Competitive Base Salary + Bonus!
Extremely Competitive Benefits Package!
401K and PTO!
Accelerated Career Growth!
The Director leads the development, implementation and standardization of critical bioassays in support of early and late clinical development programs and is a contributing member/leader of project teams. This person will work in conjunction with the Head of Quality to develop and implement processes and standards to ensure that the conduct and reporting of laboratory testing is in line with Good Laboratory Principles (GLP).
Develop non-clinical and clinical assays that will be outsourced to CROs
In conjunction with the project teams, determine the overall assay strategy for development programs
Manage CRO and vendor activities including reagent generation, method development, transfer, validation and sample testing
Communicate results, progress and issues to project teams
Provide Project Management support for small scale projects and general tracking in support of laboratory activities that generate/provide data for regulatory submissions
Provide scientific guidance and training to junior staff
What you bring to the role:
Masters or PhD in Life Sciences field with 6-10+ years of experience in the biotech/pharmaceutical industry.

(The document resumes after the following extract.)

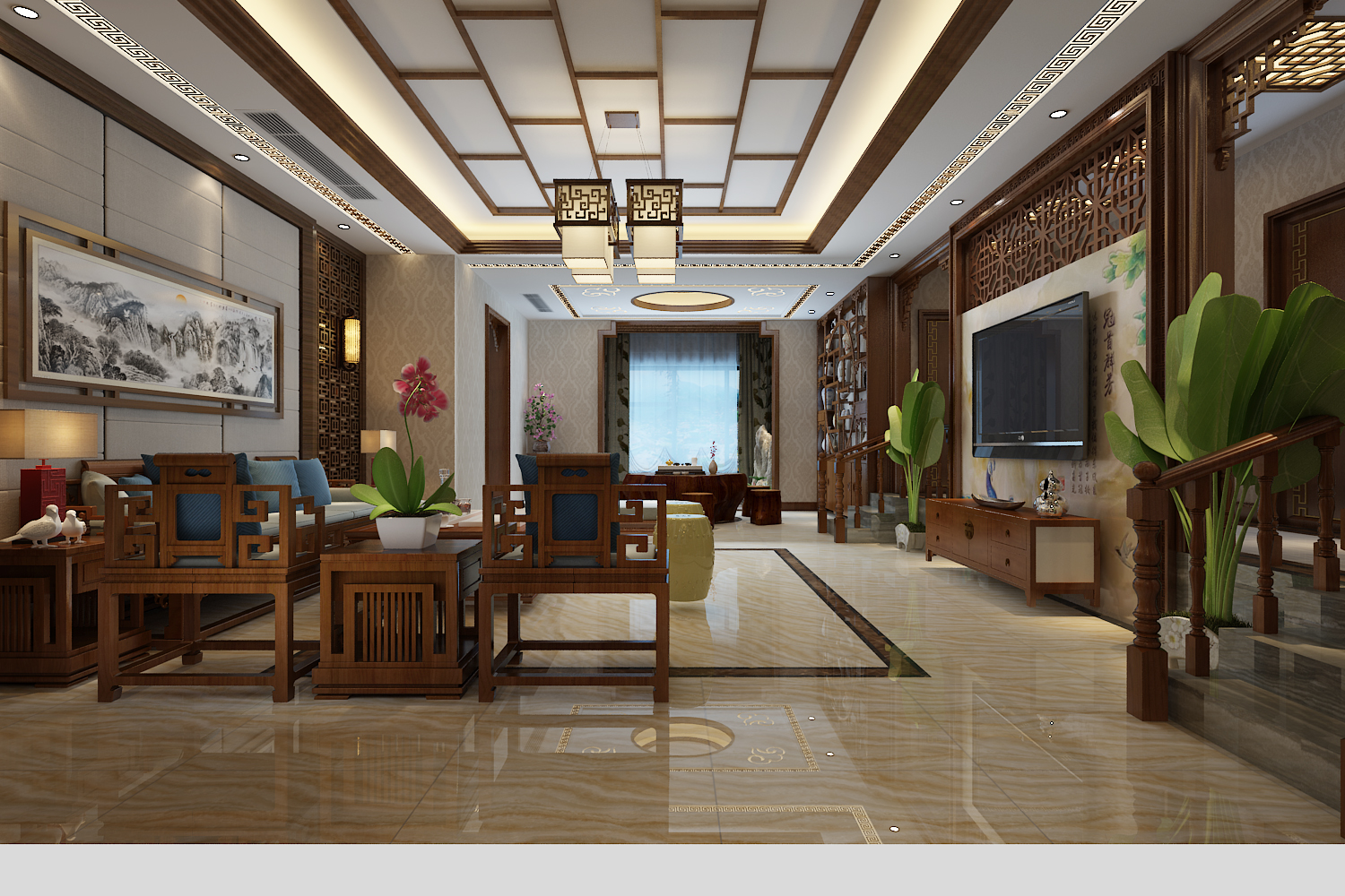 中式風(fēng)格家居體現(xiàn)主人的較高審美情趣與社會地位。
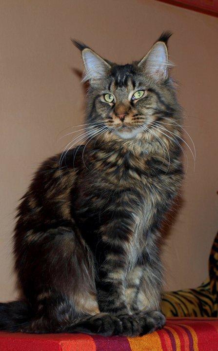 O plemeni:Mainskou mývalí kočku řadíme mezi největší plemena domestikovaných koček. Je to mimořádně krásná kočka, která je známá svou vysokou inteligencí a hravostí. V USA, odkud toto plemeno pochází, se nazývá Main Coon (coon, racoon = mýval), a to podle bohatě osrstěného chundelatého ocasu, který se podobá ocasu mývala. Díky své impozantní velikosti a přátelské povaze se této kočce často přezdívá "něžný obr".

Demonstrated experience with bioanalytical and biomarker assay development to support clinical and non-clinical activities.
Hands-on experience developing molecular biology, cell biology, biochemistry and immunology methods
Knowledge of assay development and validation, and understanding GLP requirements and ICH guidelines desirable
Experience coordinating and managing CROs and vendors under tight timelines
Excellent organizational, planning, and multi-tasking skills
Strong knowledge in scientific information retrieval
Demonstrated success of working in cross-functional project teams
Knowledge of regulatory requirements and experience in dealing with regulatory authorities and experience conducting due diligence.
Strong interpersonal communication skills and ability to manage in a dynamic, ever-changing working environment.